Work request => Nothing but the text should be carried over: reproduce all the data exactly and leave out every image.
[Information supplied — start]
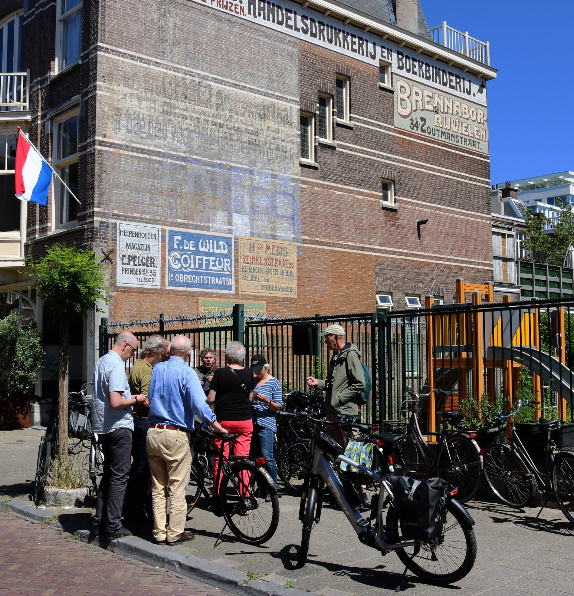 Ook op vrijdag leidde SHIE-voorzitter Koos Havelaar een fietstocht langs tegeltableaus van de Haagse firma Rozenburg. Rozenburg werd vanaf 1890 wereldberoemd om zijn unieke keramiek en eierschaal porselein. Veel musea hebben voorwerpen van deze fabriek in hun collectie. Rozenburg produceerde daarnaast ook grote tegeltableaus die in de gevels van gebouwen werden geplaatst, soms als decoratie maar ook als reclame. In 1903 werd een nieuw procedé geïntroduceerd waardoor de tegels veel beter bestand waren tegen de buitenlucht. De route leidde langs 15 locaties met deze bijzondere tegeltableaus. Zelf een keer de route fietsen? Het boekje is hier te bestellen.
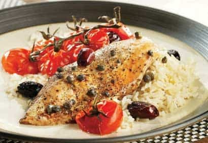 Poulet aux tomates confites et aux olives noires
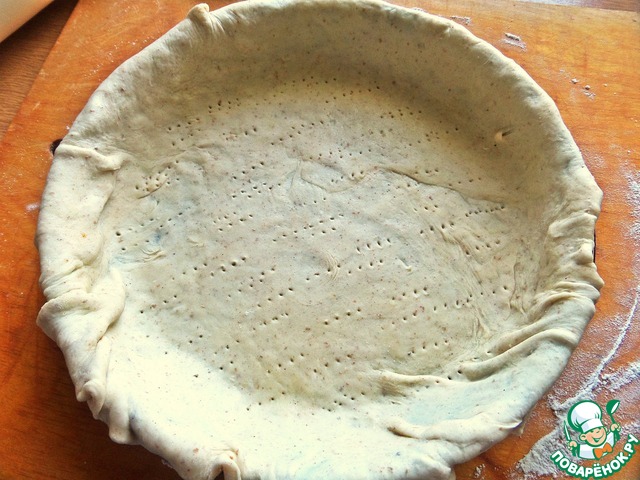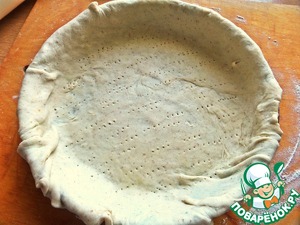 Намотать пласт на скалку и перенести в смазанную тефлоновую форму 26 см в диаметре, закинуть края за бортики.
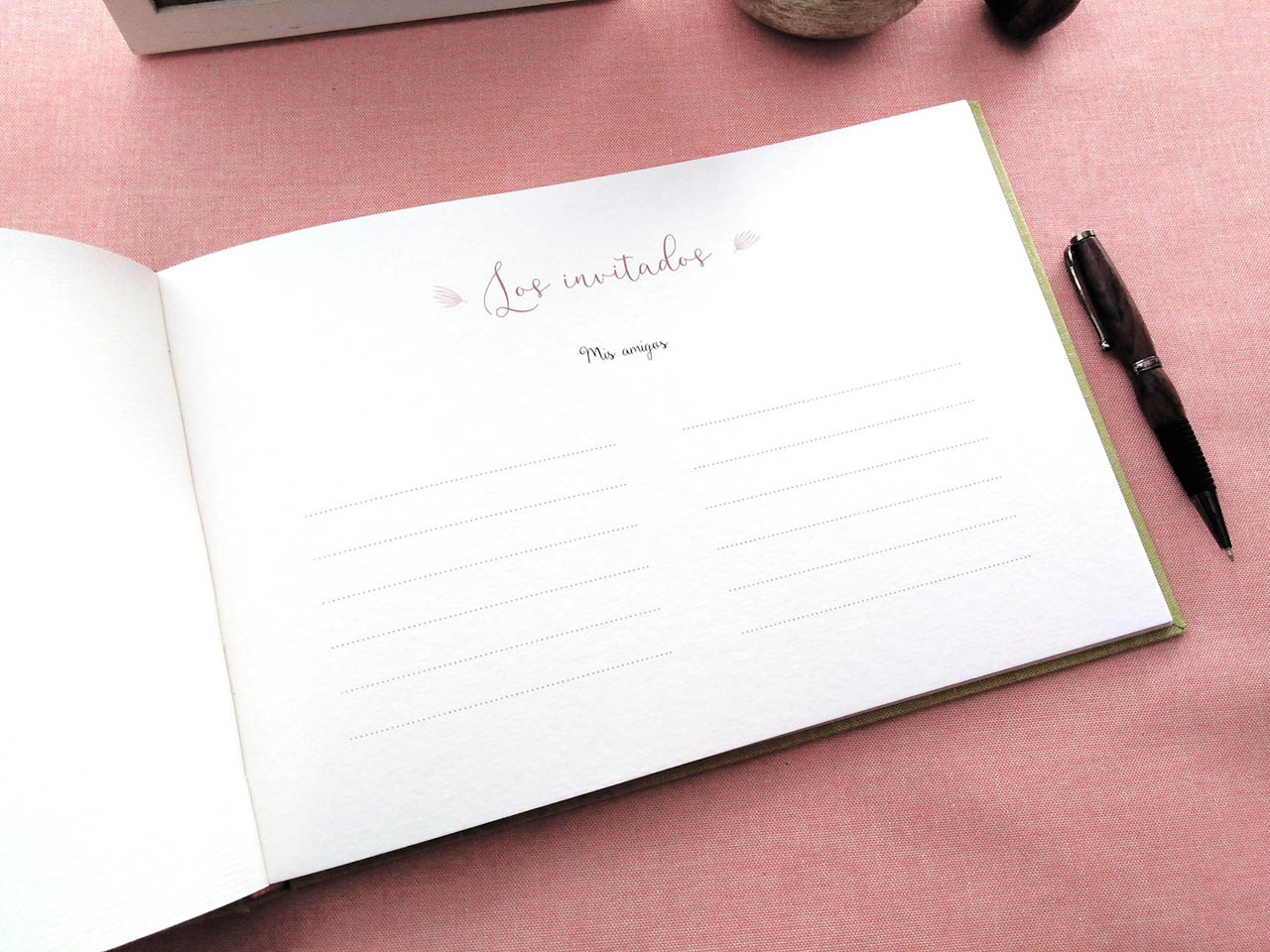 Dos hojas para las dedicatorias. Tres hojas para pegar recordatorios. Cinco hojas con papel cristal para poner las mejores fotografías.
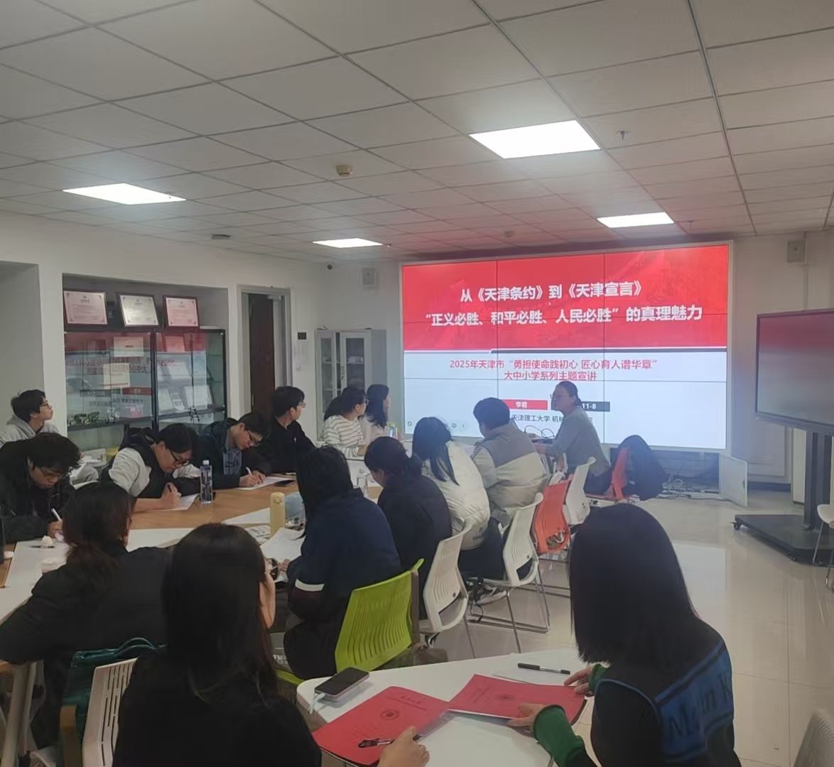 11月8日上午,天津理工大学教师、天津市十佳辅导员获得者李君老师为全体发展对象带来了题为《从<天津条约>到<天津宣言>——“正义必胜、和平必胜、人民必胜”的真理魅力》的主题宣讲。李君老师通过分析由《天津条约》到《天津宣言》的今昔变化与中国“和平崛起”的新算法,深刻阐释了为何“正义必胜” 是历史的人心所向,“和平必胜”是时代的必然选择,“人民必胜”是创造历史的根本力量。同时,她结合自身经历讲述了青年党员应具备的自我修养,并希望同学们将个人理想融入国家需要,筑牢历史文化自信,以实际行动为实现中华民族伟大复兴的中国梦贡献力量。
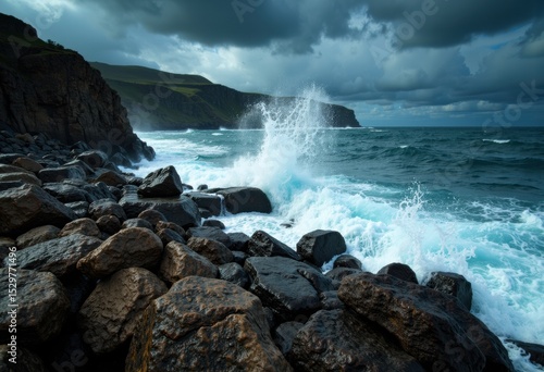 © starush, Obraz premium Rugged rocky shoreline with crashing waves under stormy sky near coastal cliffs
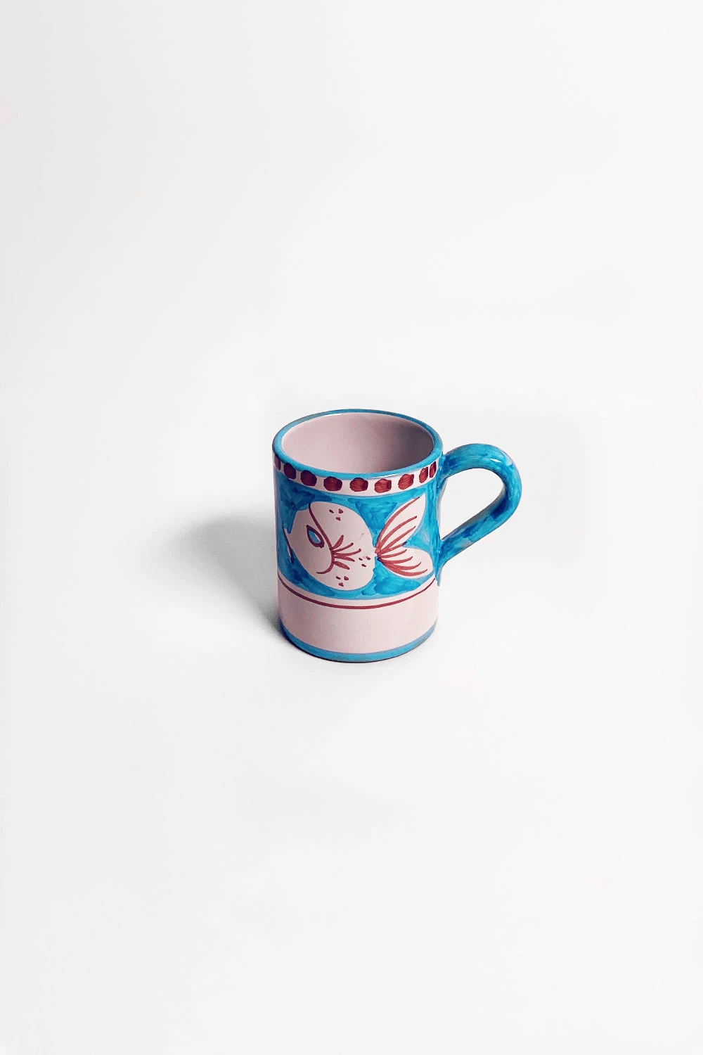 Mug en céramique avec motifs Poissons. Chaque pièce unique est fabriquée par des artisans italiens et décorée au pinceau sur la base de tons aquarellés et de thèmes bestiaires porte-bonheur.
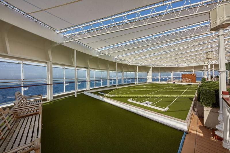When the warm weather entices you onto the spacious Games Deck you’ll notice a definite English country garden ambience, with the gentle clunk of croquet balls in the welcome shade of its canopy. The games on offer include traditional cruise favourites such as shuffle-board, bowls, quoits, and paddle tennis, with occasional tournaments also taking place.
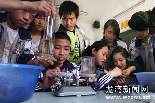 图为温州育英学校生态监护站行动研究小组成员在实验中。
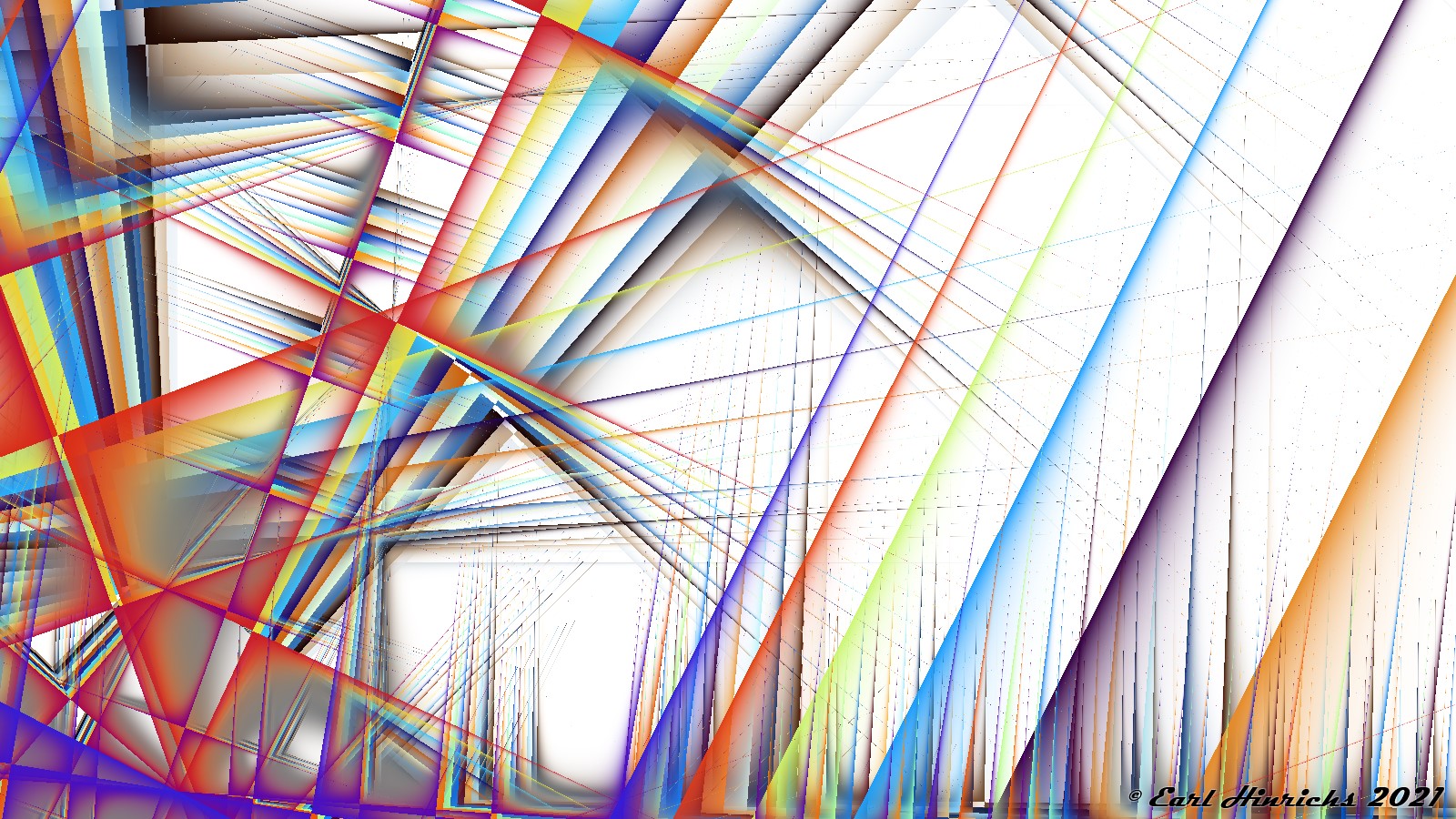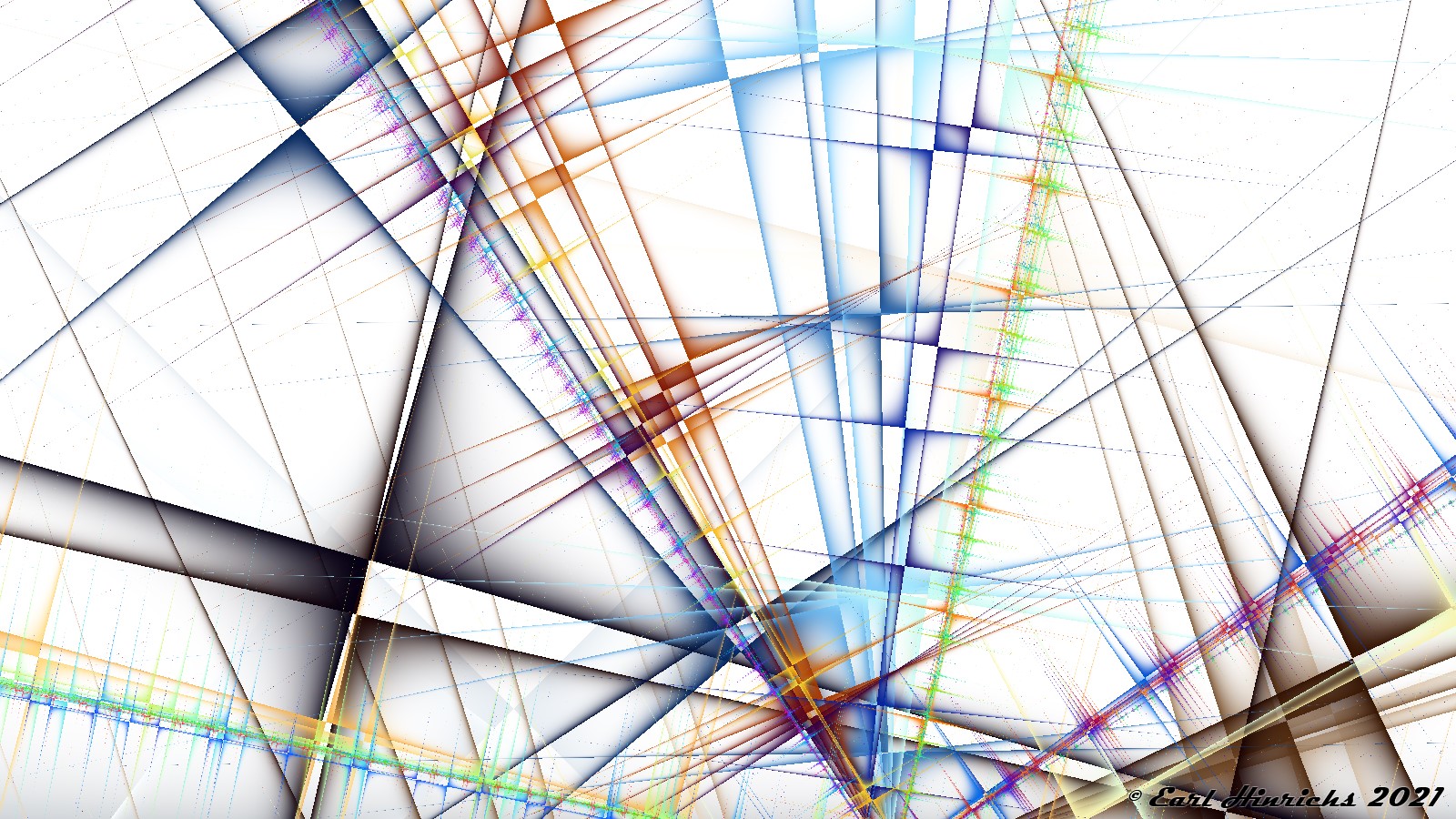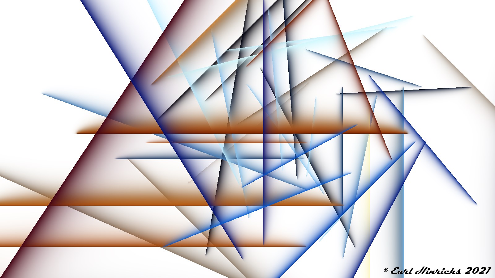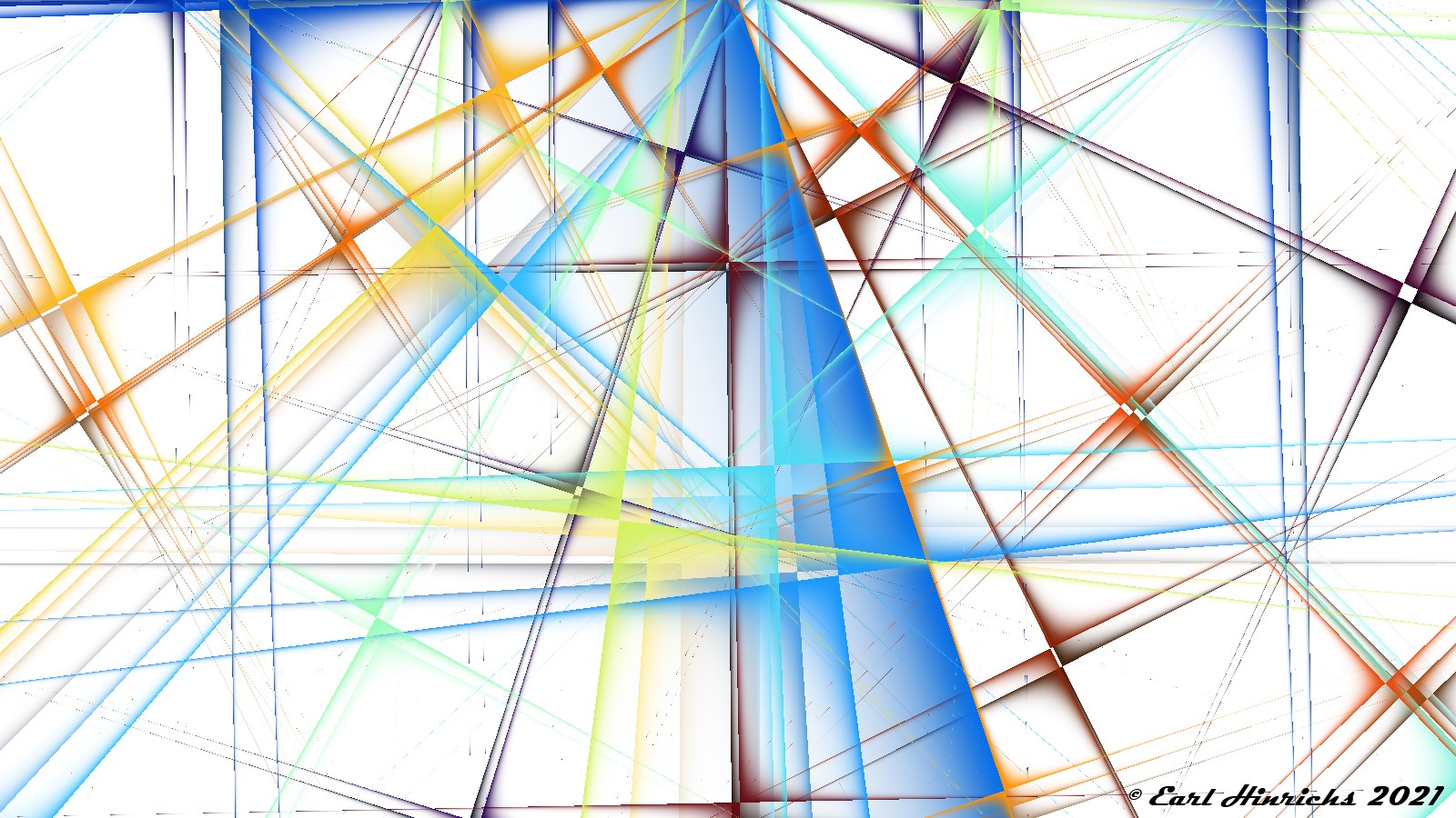 We are now two weeks into this series, so time for a quick recap. The basic idea is to use affine transformations to tilt, stretch, and shrink lines. Always straight, no curves. Then adjust colors to highlight the "top" side of the line, while leaving the other side transparent. See Affine #1 and Affine #2 for more details.
[Information supplied — finish]
Answer for this exercise =>
 Ook op vrijdag leidde SHIE-voorzitter Koos Havelaar een fietstocht langs tegeltableaus van de Haagse firma Rozenburg. Rozenburg werd vanaf 1890 wereldberoemd om zijn unieke keramiek en eierschaal porselein. Veel musea hebben voorwerpen van deze fabriek in hun collectie. Rozenburg produceerde daarnaast ook grote tegeltableaus die in de gevels van gebouwen werden geplaatst, soms als decoratie maar ook als reclame. In 1903 werd een nieuw procedé geïntroduceerd waardoor de tegels veel beter bestand waren tegen de buitenlucht. De route leidde langs 15 locaties met deze bijzondere tegeltableaus. Zelf een keer de route fietsen? Het boekje is hier te bestellen.
 Poulet aux tomates confites et aux olives noires
 Намотать пласт на скалку и перенести в смазанную тефлоновую форму 26 см в диаметре, закинуть края за бортики.
 Dos hojas para las dedicatorias. Tres hojas para pegar recordatorios. Cinco hojas con papel cristal para poner las mejores fotografías.
 11月8日上午,天津理工大学教师、天津市十佳辅导员获得者李君老师为全体发展对象带来了题为《从<天津条约>到<天津宣言>——“正义必胜、和平必胜、人民必胜”的真理魅力》的主题宣讲。李君老师通过分析由《天津条约》到《天津宣言》的今昔变化与中国“和平崛起”的新算法,深刻阐释了为何“正义必胜” 是历史的人心所向,“和平必胜”是时代的必然选择,“人民必胜”是创造历史的根本力量。同时,她结合自身经历讲述了青年党员应具备的自我修养,并希望同学们将个人理想融入国家需要,筑牢历史文化自信,以实际行动为实现中华民族伟大复兴的中国梦贡献力量。
 © starush, Obraz premium Rugged rocky shoreline with crashing waves under stormy sky near coastal cliffs
 Mug en céramique avec motifs Poissons. Chaque pièce unique est fabriquée par des artisans italiens et décorée au pinceau sur la base de tons aquarellés et de thèmes bestiaires porte-bonheur.
When the warm weather entices you onto the spacious Games Deck you’ll notice a definite English country garden ambience, with the gentle clunk of croquet balls in the welcome shade of its canopy. The games on offer include traditional cruise favourites such as shuffle-board, bowls, quoits, and paddle tennis, with occasional tournaments also taking place.
 图为温州育英学校生态监护站行动研究小组成员在实验中。
 We are now two weeks into this series, so time for a quick recap. The basic idea is to use affine transformations to tilt, stretch, and shrink lines. Always straight, no curves. Then adjust colors to highlight the "top" side of the line, while leaving the other side transparent. See Affine #1 and Affine #2 for more details.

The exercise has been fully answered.